[Work order] Write out an exact copy of the line containing "iPhone case featuring" and all lines that follow it in the data below, leaving out pictures.

[Data segment]

-- -- --

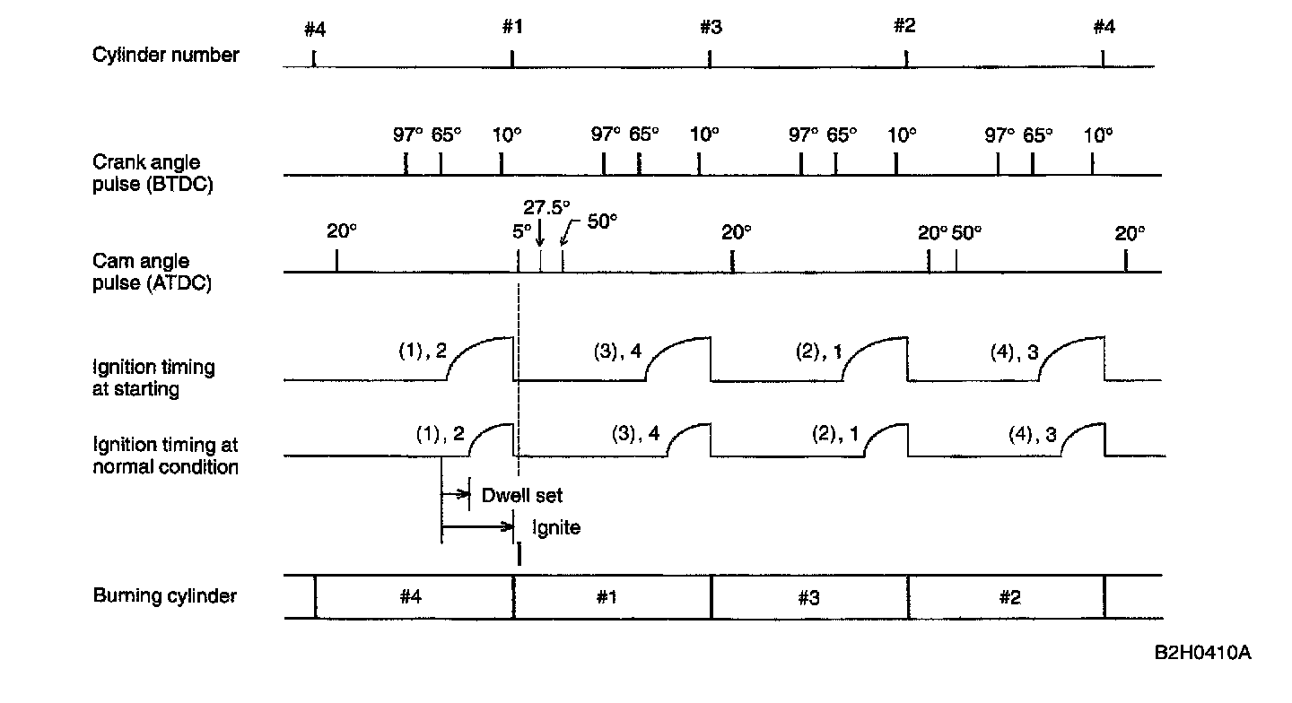 Engine speed fluctuates at the starting condition, so the ECM cannot control the ignition timing. When such a condition exists, ignition timing is fixed at 10^ BTDC by using the 10° signal.
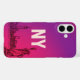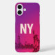 iPhone case featuring centred and reduced-size "NY" graphic, vibrant pink-purple gradient background, and black line art skyline with Statue of Liberty.
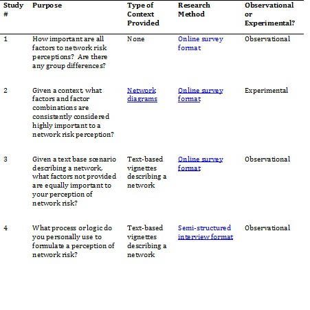 In this research effort, context is operationally defined as description of an organization's network at a particular point in time. We hope to identify factors that are consistently important for low-, medium-, and high-risk perceptions.

-- -- --

[Task answer]
 iPhone case featuring centred and reduced-size "NY" graphic, vibrant pink-purple gradient background, and black line art skyline with Statue of Liberty.
 In this research effort, context is operationally defined as description of an organization's network at a particular point in time. We hope to identify factors that are consistently important for low-, medium-, and high-risk perceptions.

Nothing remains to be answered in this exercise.